Batman Begins, the latest film in the long list of movies starring the Caped Crusader, is a movie directed by Christopher Nolan [Memento], going back to the origin of the Batman. Taking notes from Batman: Year One, the villain this time about is The Scarecrow, a man whose skill is none other than fear: controlling it, inducing it, what have you. Christian Bale [Equilibrium, American Psycho] jumps into the latex suit this time around, and battles various minions of the likes of Carmine Falcone and Jonathan Crane, as well as Scarecrow.
Of course, with any huge summer blockbuster film, a game is sure to follow.

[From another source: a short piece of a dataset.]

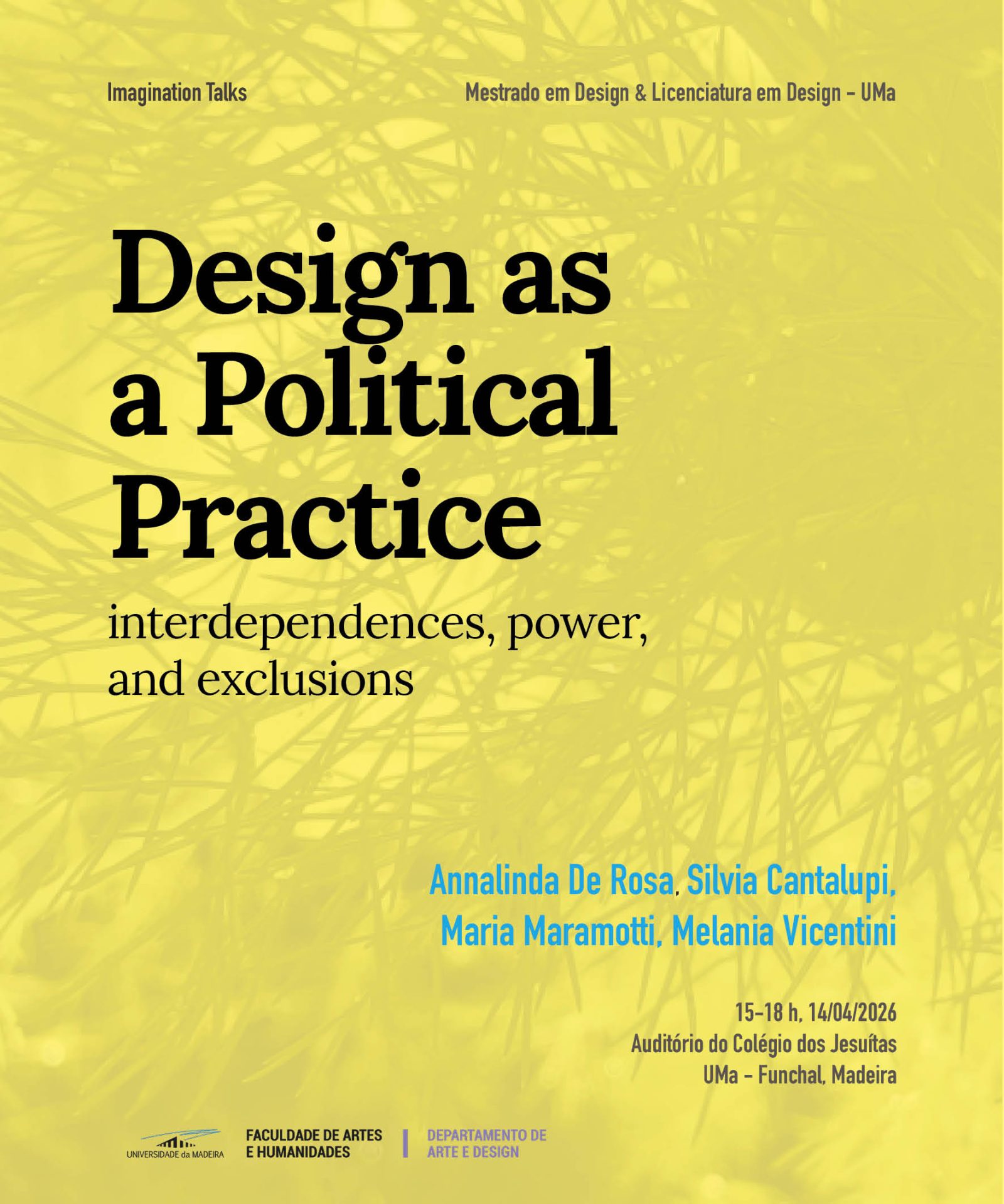 This lecture series brings together four perspectives that critically engage design as a political practice, examining how it participates in shaping relations of power, interdependence, and exclusion across different contexts.

However, unlike some games in the past based on movies [like the abhorred Catwoman], this one actually manages to do a few things right for once. Granted, like many other movie-to-game titles, it borrows heavily from other fantastic games in hopes of achieving that same level of fame.
The graphics in the game are indeed fantastic. The likenesses are spot-on, and they all are animated pretty well. In the XBox version, the graphics are very clean and crisp, with very little stutter [there were two instances of slowdown in my runthrough, neither of which made too much sense, but didn't hang up the action any]. The only gripe is that the actual animations for the Batman are a little... monkey-like. When he climbs up a pole or ladder, he looks more like a gorilla than a ninja. The combat's animations are also a little rough, having the same amount of smoothness between moves as in games like Enter The Matrix, which weren't put together all too well. Overall, however, the game looks great.

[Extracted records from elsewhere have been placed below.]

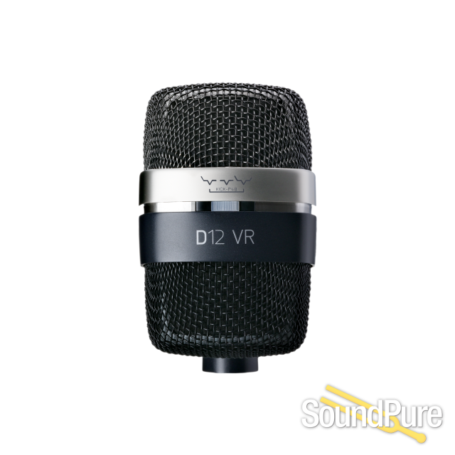 The D12 VR is a reference large-diaphragm dynamic microphone with cardioid polar pattern. Designed specifically for kick-drum recording applications, the microphone has a thin diaphragm to enhance the low frequency performance. Its warm sound is realized by the original C414 transformer, especially impressive at high signal levels. The D12 VR features three active filter presets to match its sound shape with the kick drum's character. When activated, the output level is automatically reduced by 10 dB. The filter settings can be controlled using a switch on the microphone body. Without phantom power, the microphone operates in passive mode and delivers the instruments pure sound.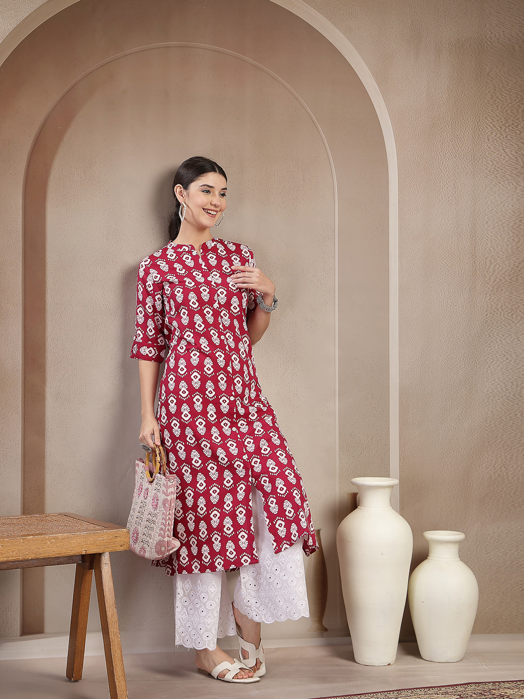 Maroon ikkat printed cotton straight kurta. Kurta has mandarin collar with front placket and buttons detail on it and roll-up 3/4th sleeves. Kurta Length -45'' Inch.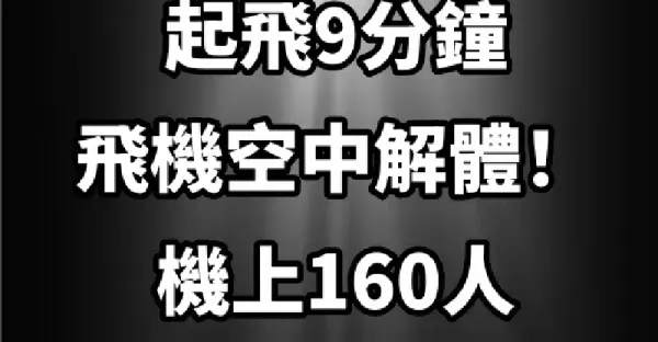 史上大型空難: 起飛9分鐘飛機空中解體,機上160人全數遇險!

One aspect of super hero games that very few developers have gotten right is the fact that controlling your super hero is VERY IMPORTANT. Those who've played the Spider-Man games made by Activision know how well it can be done. Unfortunately, Batman is controlled like you would expect any other great hero in a video game. He does have his signature Bat-Grapple, but it doesn't allow him to swing. Instead, he simply grapples onto a pre-selected point, gets shot up, and hangs up in the air, not allowed to lower himself or anything. He has a nice array of combative moves, including a Flamingo stance which, aside from an extra kick or two, doesn't really do much more than look nice. Targetting is automatic, simply by pushing the analog stick in the direction of your enemy and pressing either the Punch or Kick button to begin a combo. Punches are quick and can make long strings of combos, while kicks are good for one or two simple hits, knocking your enemy down. You can block, counter, and dodge your enemy's attacks just by holding down the R trigger, pressing X to counter when your enemy is about to strike. The B button is used as a context sensitive button, changing function as the situation deems fitting. You can pull off a finisher when your enemy's health is down low, or you can hit multiple enemies at a time. It's mostly button mashing, however, as far as the full combat, even with the bosses.

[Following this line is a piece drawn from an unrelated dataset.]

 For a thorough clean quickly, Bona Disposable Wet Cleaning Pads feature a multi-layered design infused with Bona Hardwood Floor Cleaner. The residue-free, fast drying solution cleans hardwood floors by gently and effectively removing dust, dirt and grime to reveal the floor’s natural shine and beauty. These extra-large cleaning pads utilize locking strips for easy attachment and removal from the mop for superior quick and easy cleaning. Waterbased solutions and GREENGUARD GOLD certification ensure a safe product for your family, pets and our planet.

The game takes heavily from Splinter Cell in its huge Stealth aspect, which, unfortunately, isn't handled nearly to the depth of Ubisoft's Tom Clancy title. Walking around causes noise, but pressing the left thumbstick in puts Batman into "Stealth mode," which is just a crouch. He can run as fast as he wants in this mode, and never alert a single enemy, even if he's right behind him. Batman also makes use of an Optic Cable, much like Sam Fisher's, only can be used with a bit more range. When you're hanging in the air from a pole or wire, you can pull enemies up and beat them into submission without any notice from other thugs in the area, which is handy, but too convenient. A large amount of the game is Stealth-based, which would be great and all, if nearly all of the game weren't scripted. There are literally NO random factors encountered in the stealth portions of the game, so if you play it once, you've seen it all, pretty much.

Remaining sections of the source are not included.